Anybody who has walked at night with a dog can attest to the dog’s apparent well-developed night vision. Could my dogs’ equally apparent inability to recognize me be the price they pay for an increased ability to see in the dark? Just how well can dogs see fine details? Many factors affect an animal’s acuity, including pupil size, optics of the eye, and retinal design.

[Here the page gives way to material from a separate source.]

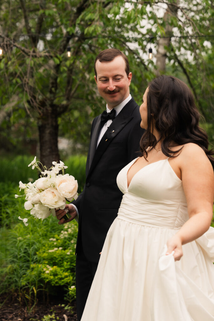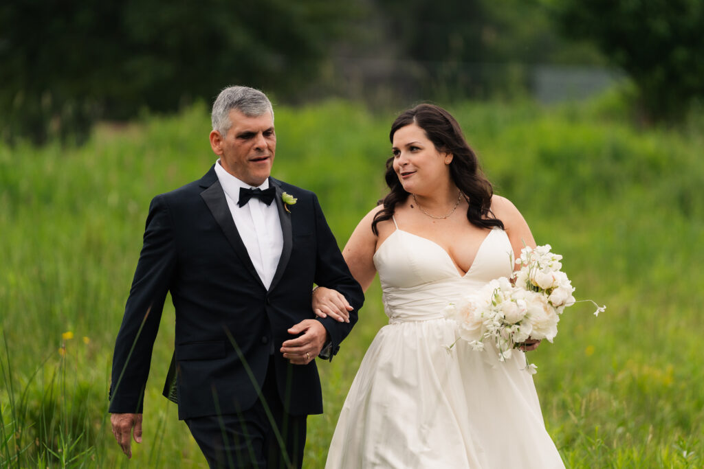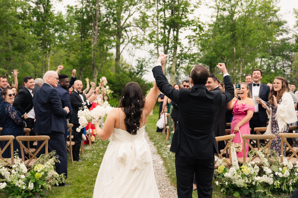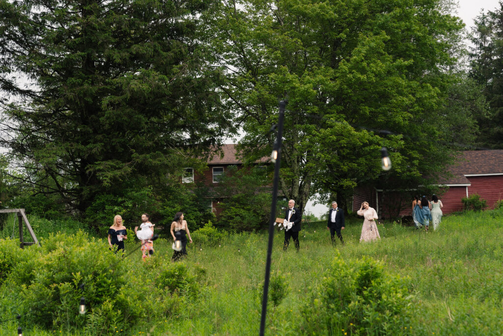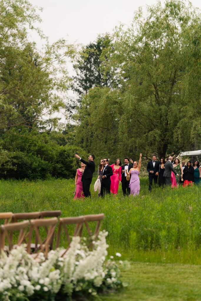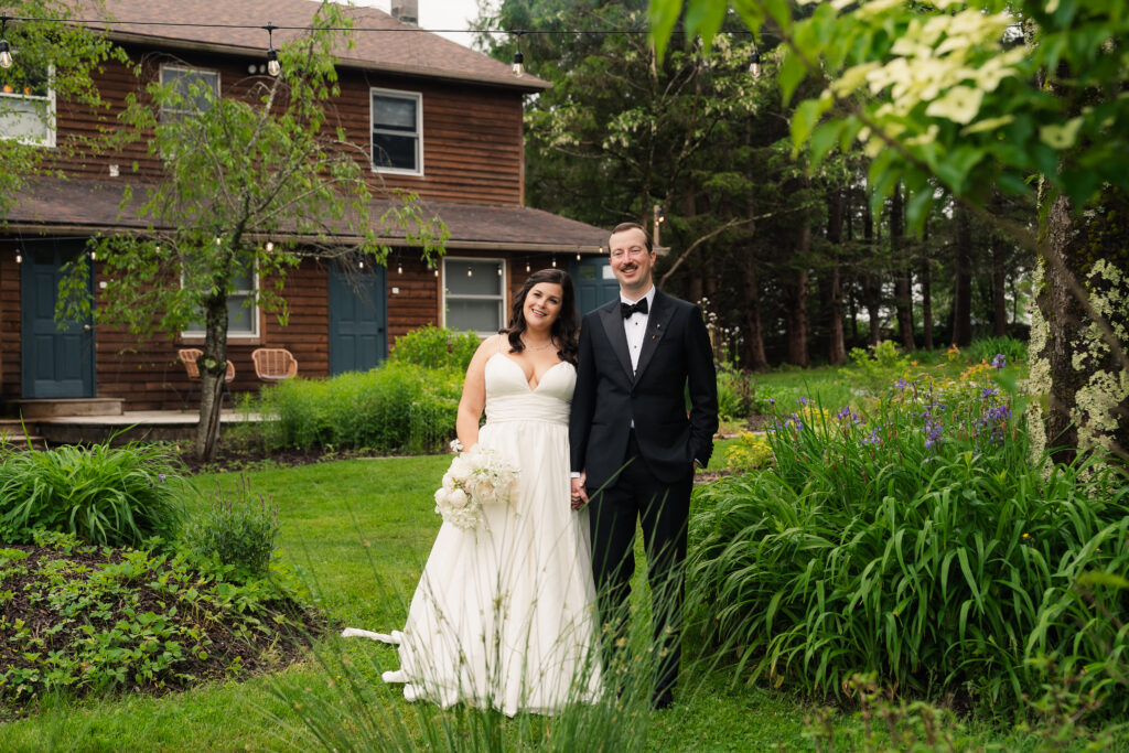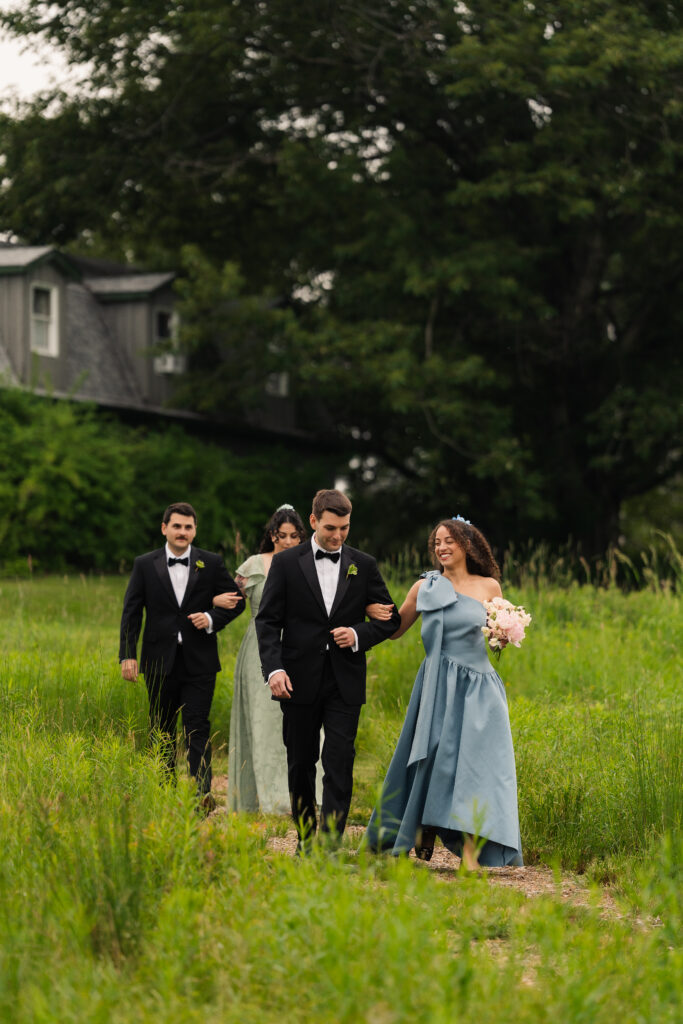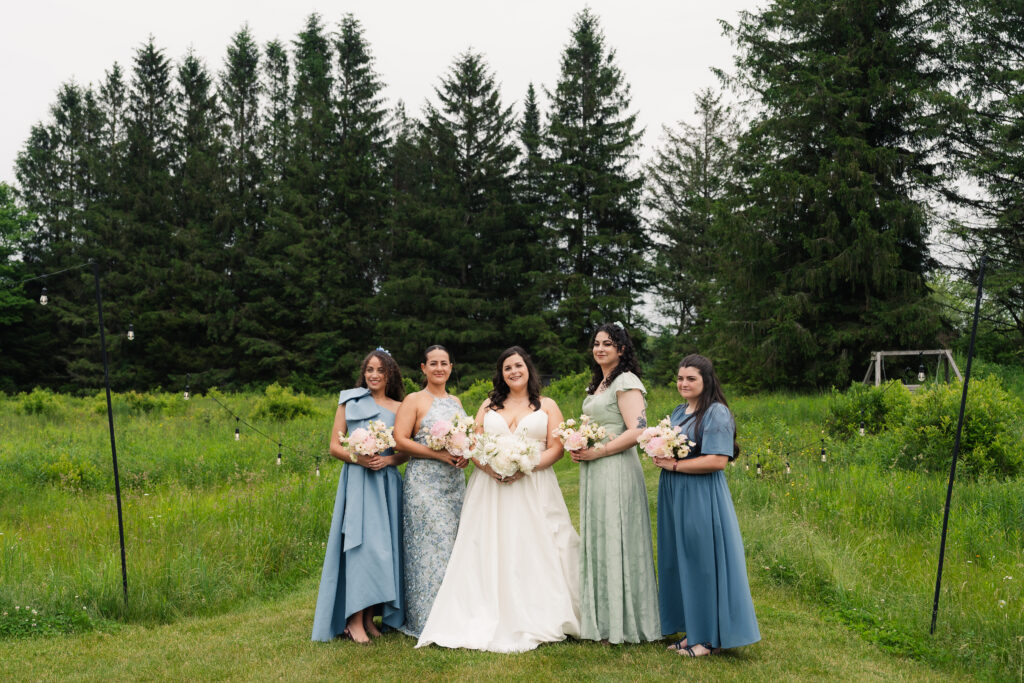 Cat and Mike’s June wedding at the stunning Arnold House in Livingston Manor, New York, was a dreamy celebration full of classic elegance and lush greenery. The day began with a heartfelt first look outside one of the charming guest houses, surrounded by vibrant floral arrangements in soft whites and verdant greens. Cat looked effortlessly timeless in her white crepe dress, while Mike stunned in a black-and-white tuxedo with a bow tie and vintage pin. Their bridal party wore soft pastel tones that perfectly complemented the floral-focused design. Guests walked through a scenic meadow to reach the outdoor ceremony, where handwritten vows, emotional laughter, and petal tosses created magical, unforgettable moments.

Light enters the pupil of the eye, which is the aperture controlled by the iris. The wider the pupil or aperture, the more light can enter, which is essential in dim settings. Large pupils are characteristic of animals that tend to be active in dim light. Notice how much larger your dog’s pupils are than your own. But there is a trade-off: with a larger aperture, the depth of field (or distance over which objects can be put into clear focus) decreases. Thus, in order to achieve focus over a large range the pupil must be constricted, which means the environment must be bright. After passing through the pupil, the light passes through the lens. Camera lenses are rated for their light gathering ability; more expensive lenses gather more light and can be used with smaller apertures, thus combating the depth of field loss otherwise inherent in dim light. The same is true for eyes. Larger lenses have greater light gathering ability and are usually found in animals active in dim light. Dogs have lenses that are much larger than human lenses. Actually, unlike the camera, eyes have two lenses, because the outer clear surface of the eye, the cornea, acts like a strong lens as well. An animal with a large pupil must have a concomitantly large cornea, and larger corneas are usually found in animals requiring good night vision. Notice how much larger your dog’s corneas are than yours.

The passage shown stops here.